Moreover, although the cement-based mixture hardens over time to form grout, the cement-based mixture can still be used for a certain period of time, e.g. up to twenty minutes, after it has been formed. Therefore, short interruptions to the application of the cement-based mixture to the aggregate laid on the surface results in zero or minimal wastage of the cement-based mixture and the aggregate.

In contrast, mixing the cement, water and the aggregate to form concrete before applying the concrete to the surface results in great difficulty in reusing any unused concrete at a later stage, since the concrete immediately begins to cure and harden upon its formation and rapidly becomes unworkable. Therefore, any interruption to the application of the concrete to the surface will result in wastage of the unused concrete (i.e. wastage of the cement, water and aggregate), thereby increasing the cost of the formation of the concrete on the surface.

Hence, the method according to the invention advantageously reduces the amount of wastage and increased cost that would have otherwise resulted from mixing the cement, water and the aggregate to form concrete before applying the concrete to the surface.

In addition to the foregoing, the method according to the invention permits positioning of the aggregate on the surface in any manner as desired so as to control the size and/or shape of the resultant concrete. The aggregate can also be chosen to provide different properties of the resultant concrete.

The method according to the invention also not only obviates the high costs associated with transporting concrete from a concrete plant to a given location, but also minimises the high labour costs associated with handling the concrete and laying it onto a surface.

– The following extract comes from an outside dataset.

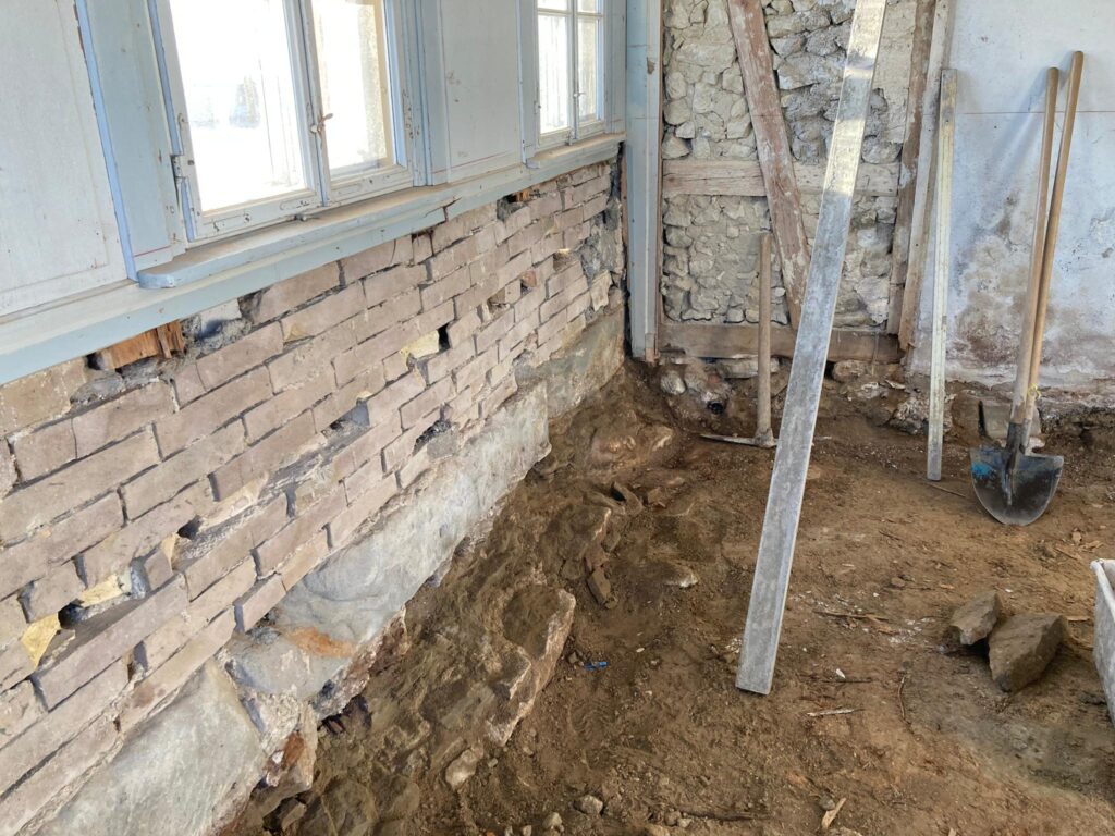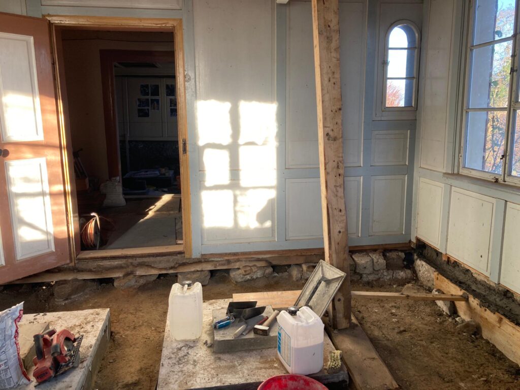 Die Vorarbeiten sind abgeschlossen. Das Fabrikantenhaus ist ausgehöhlt und bereit für die Sanierung.
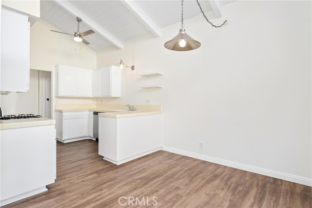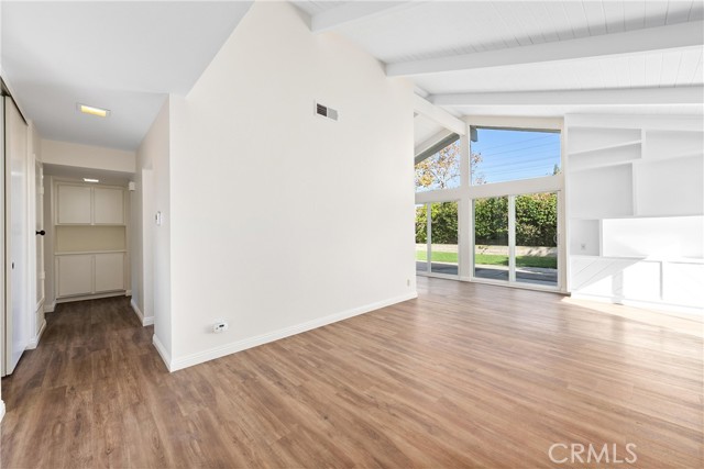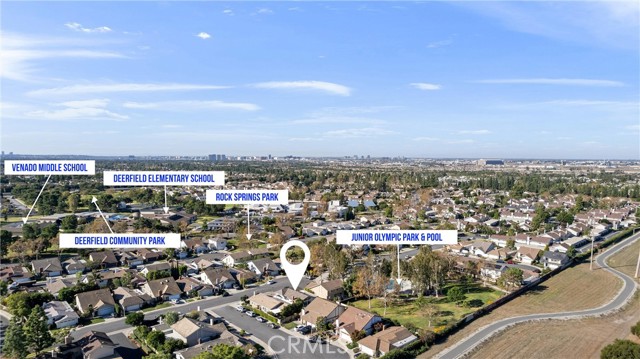 Nestled on a serene cul-de-sac in the highly sought after community of Deerfield, 14 Rock Springs, Irvine is a single-level Mid Century Modern gem just waiting for its next lucky resident. Featuring 3 bedrooms and 2 bathrooms across 1,350 square feet, this home offers a perfect blend of features, architectural character, and location. After meandering through the charming front courtyard, an open-concept floor plan welcomes all who enter with soaring vaulted ceilings in the Great Room that feature beams and tongue-and-groove ceilings, enhancing the Mid Century Modern aesthetic. The Family Room boasts a cozy fireplace, an open concept floor plan that opens to the Dining Room and Kitchen, and three sliders that lead to the backyard, seamlessly connecting indoor and outdoor living spaces. The home is bathed in natural light and exudes a modern aesthetic with newer LVP flooring and fresh crisp white paint throughout. The entertainer's backyard is spacious and private, featuring a grassy area, large patio, and mature fruit trees. The Kitchen is truly the heart of the home and features the same soaring ceilings, as well as stylish open shelving, plenty of cabinet and counter space, and stainless steel appliances. The primary suite is a true retreat with a large ensuite bath and a walk-in closet, providing a private haven within the home. Two additional bedrooms, including one that can conveniently be used as an office, a hall bathroom, and a 2 car garage with attic storage + private driveway complete the home. Located within the award-winning Irvine school district, this home is within walking distance to neighborhood amenities, including a junior olympic-sized pool, spa, playground, walking paths, and greenbelts that lead to Deerfield Elementary, Venado Middle School, and Deerfield Park, which includes tennis courts, volleyball courts, and a large lawn. The home is also conveniently located adjacent to Culver Plaza and Crossroads Shopping Center, providing easy access to shopping and dining options. With quick access to freeways, The Great Park, and Irvine Spectrum, this home offers easy living with refined style and convenience. Call to book a tour today!

The concrete may be porous. Porous concrete allows liquids, such as water, to pass directly therethrough. As such porous concrete reduces surface runoff and permits groundwater recharge. In this way porous concrete can be used to alleviate flooding.

Optionally the cement-based mixture has a surface tension coefficient that permits suspension of the cement-based mixture on, around, through and/or over the aggregate.

The provision of a cement-based mixture with such a surface tension coefficient allows the cement-based mixture to spread evenly on, around, through and/or over the aggregate, thus resulting in evenly formed concrete. The surface tension coefficient of the cement-based mixture is dependent on the amounts and ratio of water and cement that are mixed with one another to form the cement-based mixture.

Preferably the method includes laying the aggregate onto the surface prior to the step of applying the cement-based mixture to the aggregate laid on the surface to form the concrete. This means that the aggregate can be laid on the surface at any time and by any person before the cement-based mixture is applied to the aggregate laid on the surface. This is because the properties of the aggregate laid on the surface will not change over time, even in varying weather conditions. Moreover, such a method permits separate transportation of the normally heavier aggregate by a specialised vehicle that is not necessarily required to transport the lighter cement.

Optionally the aggregate is a fine or coarse aggregate. Use of a coarse aggregate permits porous concrete to be formed upon application of the cement-based mixture to the aggregate laid on the surface since gaps, through which liquids can pass, are readily formed between coarse aggregate particles.

The aggregate may include aggregate particles, whereby each aggregate particle may have a largest dimension in the range of 2 mm and 6 mm. Such an aggregate particle size is optimal for forming porous concrete with high strength.

Preferably the aggregate is or includes granite, optionally washed granite.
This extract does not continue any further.